Летел он долго, минуя воздушные пространства; наконец, месяц, спрятавшись и опять явившись, мелькнул между разбежавшихся тучек и стал к нему так близко, что он, как после сам рассказывал, мог даже разглядеть, из чего он сделан; а сделан месяц, по его словам, из серебра, только вызолочен, как блюдо из хорошей посуды, да еще в одном месте, — должно быть, задел обо что-нибудь на земле, — позолота потёрлась, и оттого пятна на месяце.
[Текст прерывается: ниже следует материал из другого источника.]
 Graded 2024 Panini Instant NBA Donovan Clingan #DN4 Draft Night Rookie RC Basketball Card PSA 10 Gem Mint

Он поднялся высоко и вдруг слышит, что-то в воздухе шумит, и в то же время черт за его плечами задрожал и увильнул, отшатнулся в сторону.
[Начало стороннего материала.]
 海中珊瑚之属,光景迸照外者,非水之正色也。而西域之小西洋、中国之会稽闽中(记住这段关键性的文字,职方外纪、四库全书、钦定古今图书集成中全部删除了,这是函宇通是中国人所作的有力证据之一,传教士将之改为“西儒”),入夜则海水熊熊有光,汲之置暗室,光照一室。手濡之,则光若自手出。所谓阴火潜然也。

— А! Так ты девок таскаешь, сякой-такой? — раздался хриплый и сердитый голос.
Старая, сморщенная ведьма, верхом на метле, налетела на беса с поднятыми кулаками.
— Да это, полноте, не девка; это парень! — пропищал нечистый.
— Как парень?.. Ах ты, сякой-такой!.. А юбка?
— Да вы, Мавра Онуфриевна… да я, право… уж я же вам говорю! — кричал черт, осыпаемый кулаками ведьмы.
— Вот я тебя, вот я тебя! — кричала ведьма, от ревности и злобы не зная, с какого конца получше отсчитывать удары. Она ухватила беса за хвост и за загривок и так стала его трясти, что с ее рыжей косы слетел платок, а из когтей черта выпал Явтух и камнем полетел на землю…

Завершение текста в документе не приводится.